God. This was so ugly. So unnecessary.
"These are my mistakes, Jessie, and I've owned up to them. But the final straw? When Casper told Brandt to choose between the ranch and you. When he told me that our child would never be welcome in our home again. When he told me he never wanted to see Brandt again." Joan lifted her head and met Jessie's gaze. "I won't lose another son. I won't lose Tell or Dalton either. I can't do this anymore."
Was Joan looking for a place to stay? Or just moral support? Jessie wasn't sure and didn't want to make a misstep with Brandt's mother after she'd reached out to her. "What are you going to do?"
"I've already done it. I've left my husband."
Jessie's mouth fell open in shock. "What?"
"I should've done it long ago. So when he raced over to talk to his brothers after cutting Brandt off, I packed up and lit out."
"Where did you go?"
"I've been bouncing between Carolyn's, Kimi's and Vi's. They've rallied around me, which has been nice. But..." She sighed. "It's time I moved on. We've been miserable together for so long, maybe we have a chance to find happiness if we're apart."

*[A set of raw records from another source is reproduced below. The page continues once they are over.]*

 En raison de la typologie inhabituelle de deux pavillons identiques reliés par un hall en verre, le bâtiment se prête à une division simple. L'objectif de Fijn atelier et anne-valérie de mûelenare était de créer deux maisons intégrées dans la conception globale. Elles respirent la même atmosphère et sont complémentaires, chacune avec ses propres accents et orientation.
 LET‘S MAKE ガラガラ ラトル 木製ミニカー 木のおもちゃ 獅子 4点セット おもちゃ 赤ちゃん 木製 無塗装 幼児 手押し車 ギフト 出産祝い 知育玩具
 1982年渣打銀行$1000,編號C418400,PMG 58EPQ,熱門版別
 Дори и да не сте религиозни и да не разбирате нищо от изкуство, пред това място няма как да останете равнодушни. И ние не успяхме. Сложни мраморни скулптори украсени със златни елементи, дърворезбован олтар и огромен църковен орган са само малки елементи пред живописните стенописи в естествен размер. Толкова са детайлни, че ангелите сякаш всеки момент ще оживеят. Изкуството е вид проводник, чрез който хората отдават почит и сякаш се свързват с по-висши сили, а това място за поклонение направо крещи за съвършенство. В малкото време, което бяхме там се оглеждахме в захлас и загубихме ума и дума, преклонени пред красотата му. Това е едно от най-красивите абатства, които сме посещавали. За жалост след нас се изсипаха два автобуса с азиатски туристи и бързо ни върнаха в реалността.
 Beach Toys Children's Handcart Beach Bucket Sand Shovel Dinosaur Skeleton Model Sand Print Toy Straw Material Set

"But where will you go now?"
"I'm going to Casper." Joan expelled a nervous laugh. "Funny, huh? That I'm leaving Casper to go to Casper? After I found out about Samantha and Landon, I visited Samantha in jail a few times. Poor thing doesn't have anyone in her life she can rely on. She needs help and she's accepted my offer to be there for her and Landon. He's such an unexpected joy. I haven't had much joy in my life lately. At sixty-two years old I feel I'm due."
"Will you be living with them?"
She shook her head. "Close by. I've got a cousin who's agreed to let me stay with her temporarily. I don't know how long I'll be staying there. Luckily I won't need to get a job, not that I'm qualified for more than cookin' and cleanin' anyway, because I've got the 'mad' money I've been saving."
"Mad money?" Was that like...egg money or something?
"Every time Casper got mad about something, I put a dollar in the jar. You can imagine I've got a tidy pile after forty years."
That did cause Jessie to smile. Until she realized she might be the first one Joan had confided in. "Does Brandt know you're leaving?"